< Psalmen 30 >
1 Een psalm, een lied der inwijding van Davids huis. Ik zal U verhogen, HEERE, want Gij hebt mij opgetrokken, en mijn vijanden over mij niet verblijd.
Ein Psalm. Nach dem Liede der Hausweihe. Von David. Ich erhebe dich, Jahwe: Du hast mich errettet, / Daß meine Feinde nicht über mich jauchzten.
2 HEERE, mijn God! ik heb tot U geroepen, en Gij hebt mij genezen.
Jahwe, mein Gott, ich schrie zu dir: / Du hast mich geheilt.
3 HEERE! Gij hebt mijn ziel uit het graf opgevoerd; Gij hebt mij bij het leven behouden, dat ik in den kuil niet ben nedergedaald. (Sheol )
Jahwe, du hast mich dem Tode entrissen, / Mich neubelebt, daß ich nicht in die Grube sank. (Sheol )
4 Psalmzingt den HEERE, gij Zijn gunstgenoten! en zegt lof ter gedachtenis Zijner heiligheid.
Lobsinget Jahwe, ihr, seine Frommen, / Und dankt seinem heiligen Namen!
5 Want een ogenblik is er in Zijn toorn, maar een leven in Zijn goedgunstigheid; des avonds vernacht het geween, maar des morgens is er gejuich.
Denn nur einen Augenblick währet sein Zorn, / Doch lebenslang seine Huld. / Am Abend kehret Weinen ein, / Des Morgens aber ist Jubel.
6 Ik zeide wel in mijn voorspoed: Ik zal niet wankelen in eeuwigheid.
Ich dachte in meinem Glück: / "Ich werde nimmermehr wanken!"
7 Want, HEERE! Gij hadt mijn berg door Uw goedgunstigheid vastgezet; maar toen Gij Uw aangezicht verborgt, werd ik verschrikt.
Jahwe, in deiner Huld / Hattest du meinem Berge Macht verliehn. / Dann aber verbargst du dein Antlitz — / Da war ich bestürzt.
8 Tot U, HEERE! riep ik, en ik smeekte tot den HEERE:
Zu dir, o Jahwe, rief ich, / Zu Jahwe hab ich gefleht:
9 Wat gewin is er in mijn bloed, in mijn nederdalen tot de groeve?
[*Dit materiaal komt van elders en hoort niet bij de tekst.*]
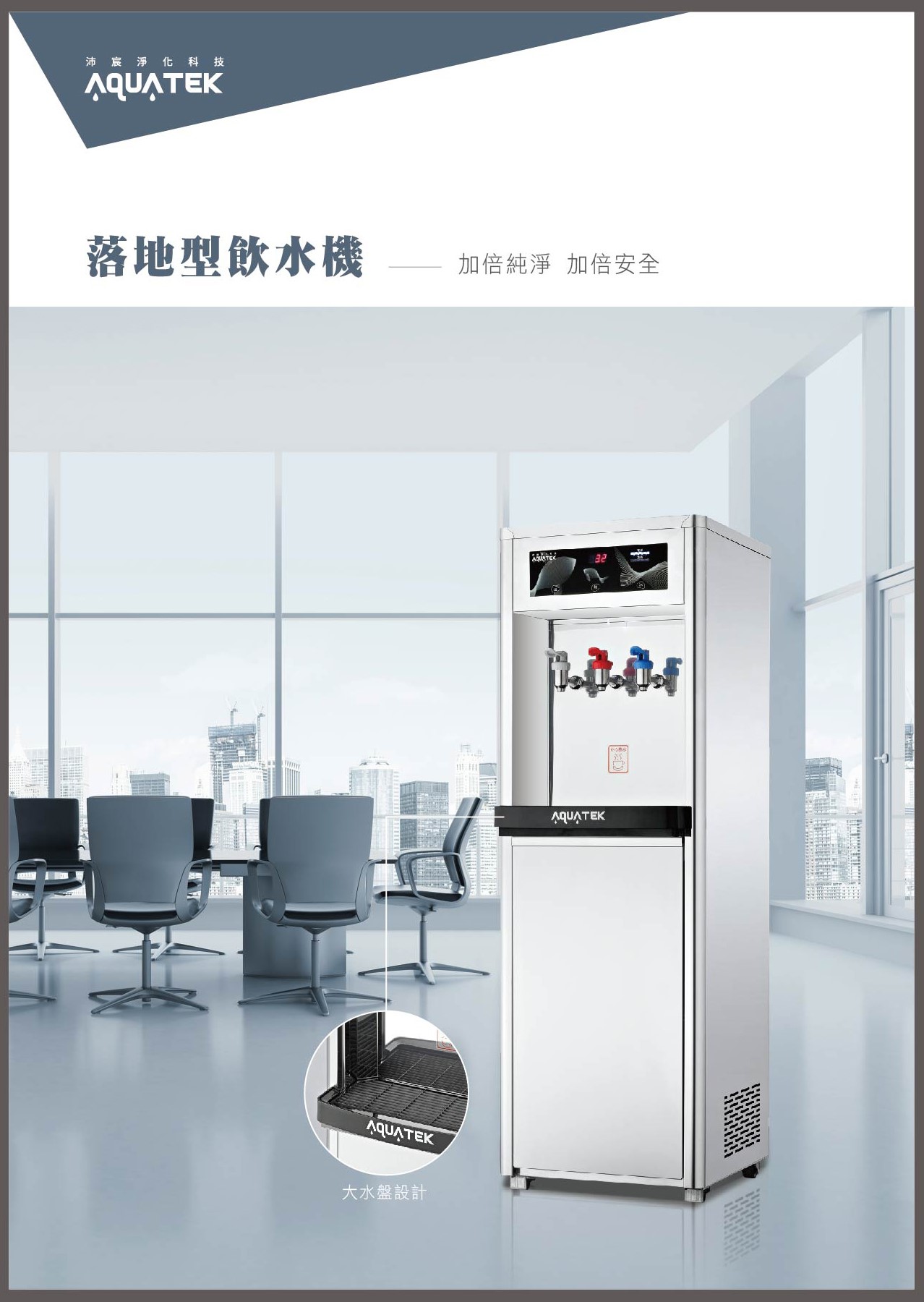 ★大水盤設計,外觀時尚好清潔,防治茶葉、異物阻塞 ★全機亮面430不鏽鋼,美觀大方 ★藍光出水導引,夜間方便取水 ★智能濾心更換提醒,可設定0~12個月 ★熱水安全開關保護 ★智能漏水偵測提示 ★缺水自動進階「防空燒」模式 ★漏電自動進階「斷電」模式 ★淨水器搭配AQ-50-2、AQ-004

Zal U het stof loven? Zal het Uw waarheid verkondigen?
"Was nützt dir's, daß du mein Blut vergießt, / Daß ich niederfahre zur Grube? / Kann denn der Staub dich preisen? / Kann er deine Treue verkünden?
10 Hoor, HEERE! en wees mij genadig; HEERE! wees mij een Helper.
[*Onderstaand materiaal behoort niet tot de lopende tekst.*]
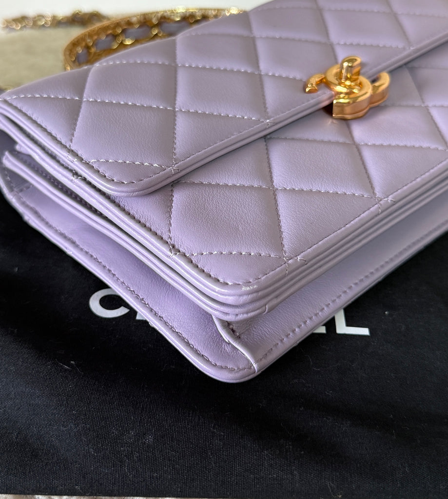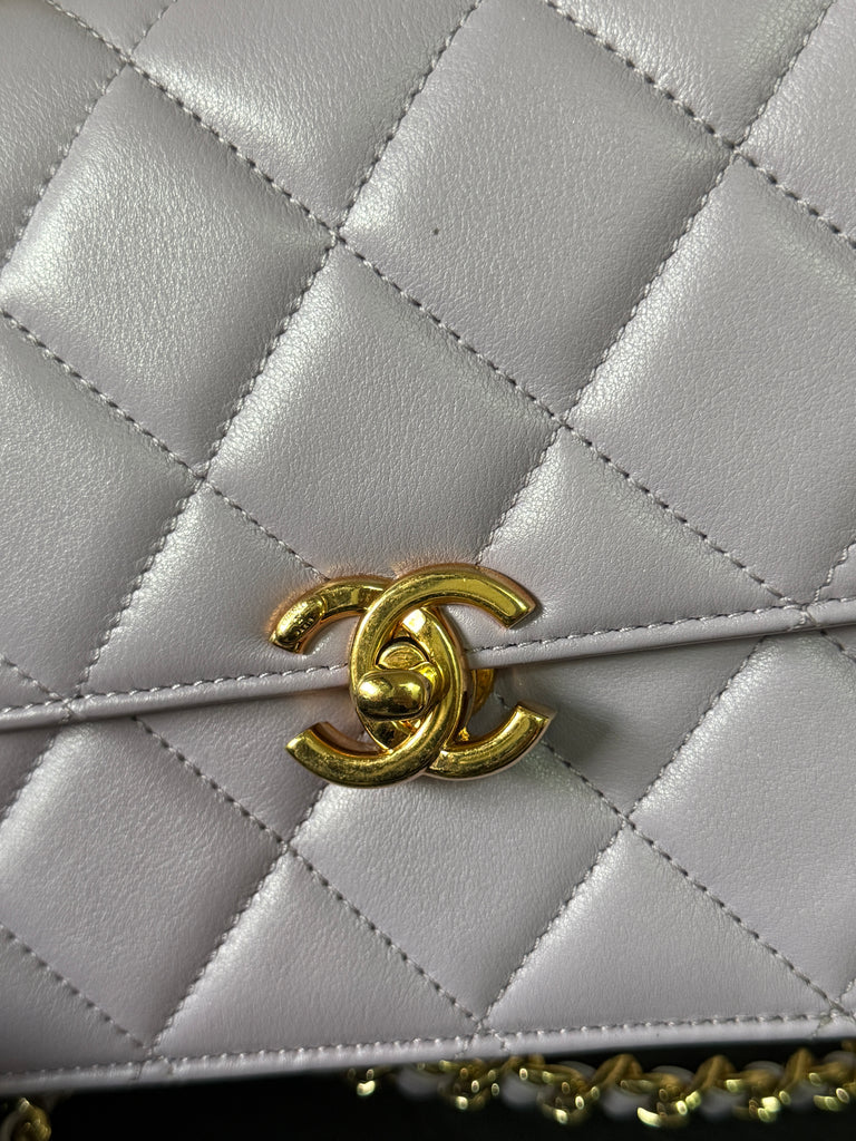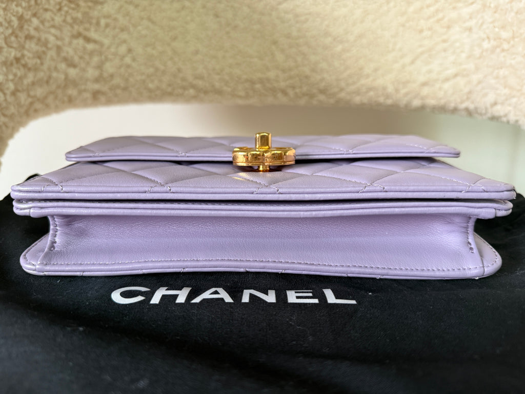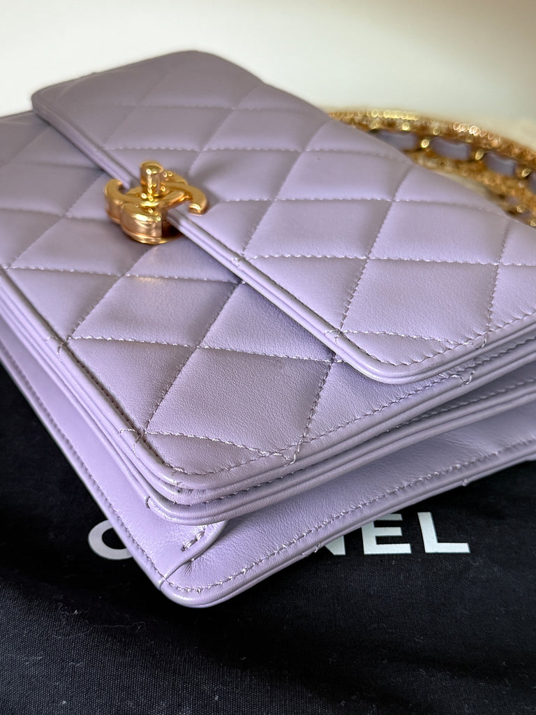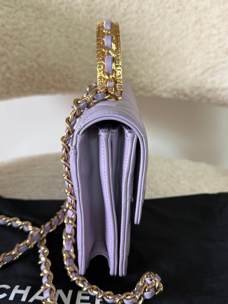 Borsa a mano e a spalla Chanel modello Handle Small in pelle di agnello lilla e metalleria dorata.

O höre, Jahwe, sei mir doch gnädig! / Jahwe, sei mir ein Helfer!"
11 Gij hebt mij mijn weeklage veranderd in een rei; Gij hebt mijn zak ontbonden, en mij met blijdschap omgord;
Du hast mir ja stets schon mein Klagen in Reigen verwandelt, / Meinen Sack gelöst, mich mit Freude gegürtet,
12 Opdat mijn eer U psalmzinge, en niet zwijge. HEERE, mijn God! in eeuwigheid zal ik U loven.
Damit ich dir singe und nimmer verstumme. / Jahwe, mein Gott, immerdar will ich dich preisen!